> Recorded information
———

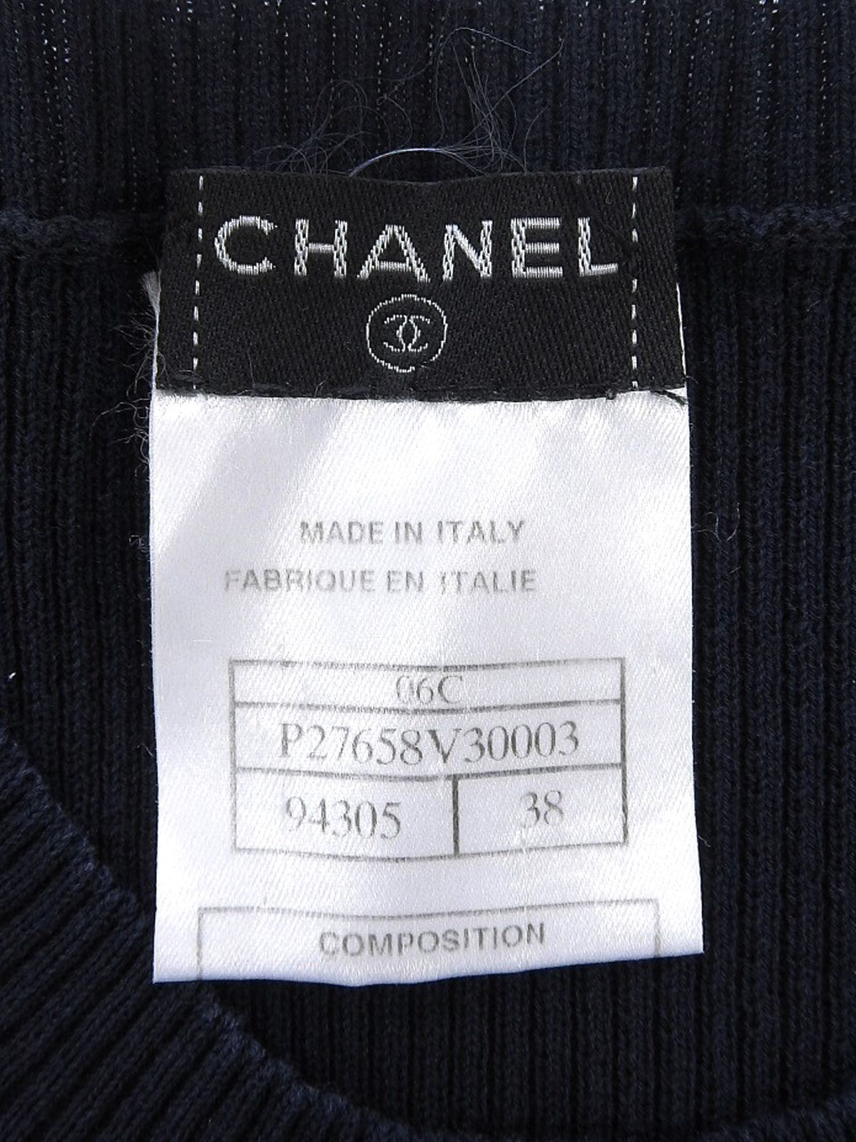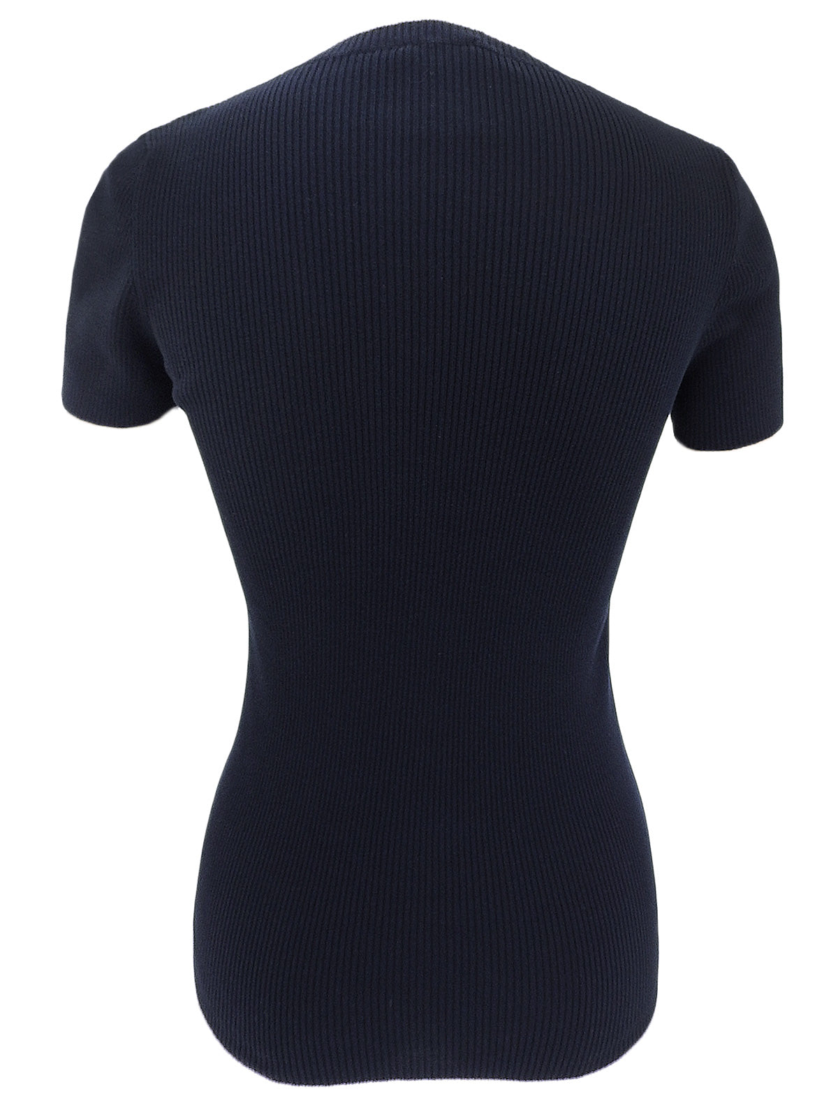 2008年製 カメリアボタンハーフスリーブニットトップス ネイビー
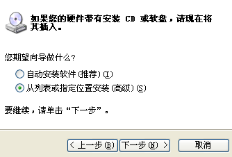 首次与PC联机需要安装USB驱动程序,连接好USB连接线后,打开仪器电源,电脑将会出现发现新硬件的提示,同时弹出安装驱动软件的提示,选择“从列表或指定位置安装”, 如图4.2所示。
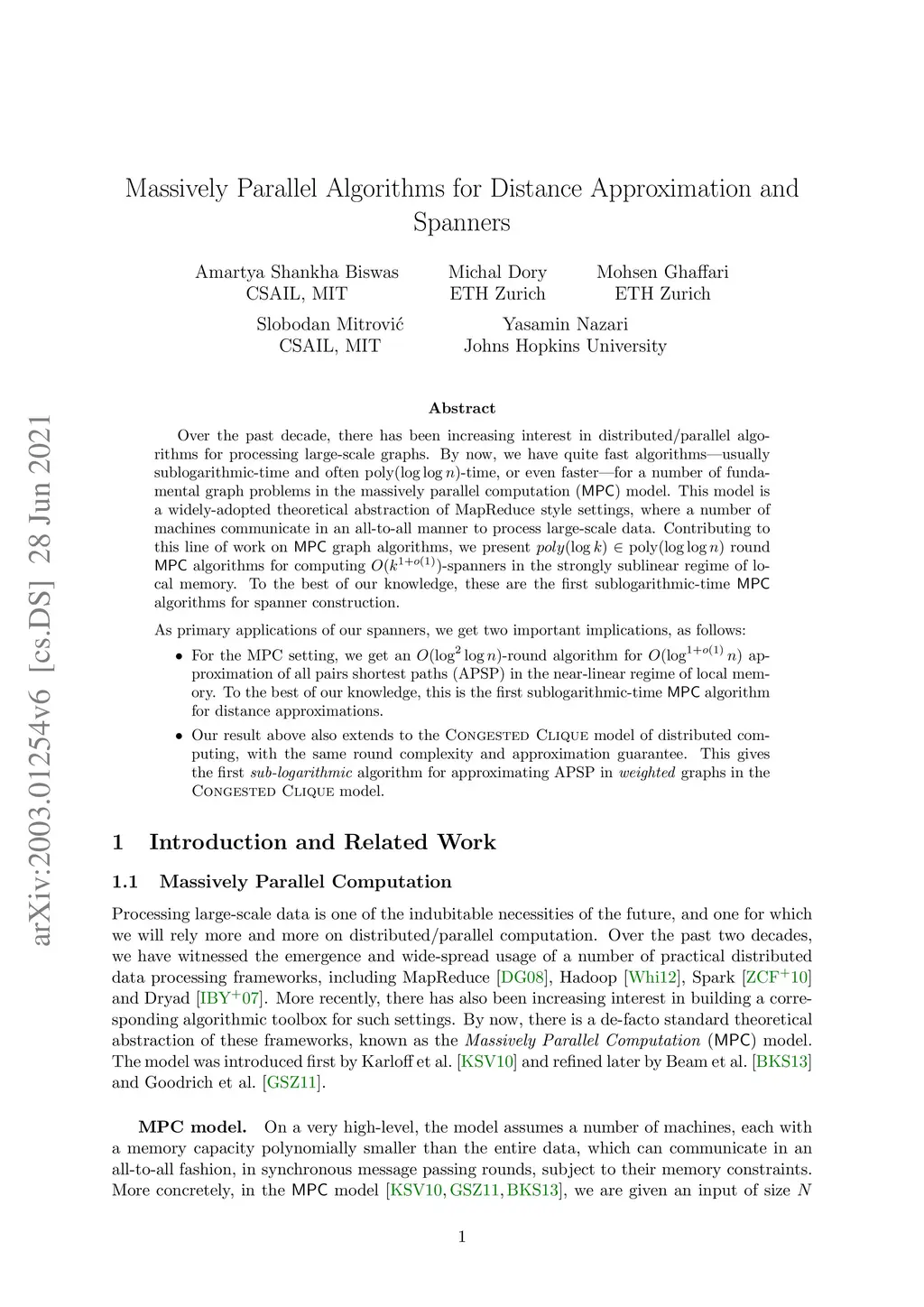 Over the past decade, there has been increasing interest in distributed/parallel algorithms for processing large-scale graphs. By now, we have quite fast algorithms -- usually sublogarithmic-time and often -time, or even faster -- for a number of fundamental graph problems in the massively parallel computation (MPC) model. This model is a widely-adopted theoretical abstraction of MapReduce style settings, where a number of machines communicate in an all-to-all manner to process large-scale data. Contributing to this line of work on MPC graph algorithms, we present round MPC algorithms for computing -spanners in the strongly sublinear regime of local memory. To the best of our knowledge, these are the first sublogarithmic-time MPC algorithms for spanner construction. As primary applications of our spanners, we get two important implications, as follows: -For the MPC setting, we get an -round algorithm for approximation of all pairs shortest paths (APSP) in the near-linear regime of local memory. To the best of our knowledge, this is the first sublogarithmic-time MPC algorithm for distance approximations. -Our result above also extends to the Congested Clique model of distributed computing, with the same round complexity and approximation guarantee. This gives the first sub-logarithmic algorithm for approximating APSP in weighted graphs in the Congested Clique model.
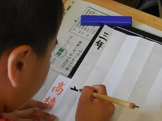 3年生から始まった毛筆ですが、1学期はネームペンで自分の名前

———

> Work order
Each word of the data should be repeated exactly, and the pictures left out.

> Output below
 2008年製 カメリアボタンハーフスリーブニットトップス ネイビー
 首次与PC联机需要安装USB驱动程序,连接好USB连接线后,打开仪器电源,电脑将会出现发现新硬件的提示,同时弹出安装驱动软件的提示,选择“从列表或指定位置安装”, 如图4.2所示。
 Over the past decade, there has been increasing interest in distributed/parallel algorithms for processing large-scale graphs. By now, we have quite fast algorithms -- usually sublogarithmic-time and often -time, or even faster -- for a number of fundamental graph problems in the massively parallel computation (MPC) model. This model is a widely-adopted theoretical abstraction of MapReduce style settings, where a number of machines communicate in an all-to-all manner to process large-scale data. Contributing to this line of work on MPC graph algorithms, we present round MPC algorithms for computing -spanners in the strongly sublinear regime of local memory. To the best of our knowledge, these are the first sublogarithmic-time MPC algorithms for spanner construction. As primary applications of our spanners, we get two important implications, as follows: -For the MPC setting, we get an -round algorithm for approximation of all pairs shortest paths (APSP) in the near-linear regime of local memory. To the best of our knowledge, this is the first sublogarithmic-time MPC algorithm for distance approximations. -Our result above also extends to the Congested Clique model of distributed computing, with the same round complexity and approximation guarantee. This gives the first sub-logarithmic algorithm for approximating APSP in weighted graphs in the Congested Clique model.
 3年生から始まった毛筆ですが、1学期はネームペンで自分の名前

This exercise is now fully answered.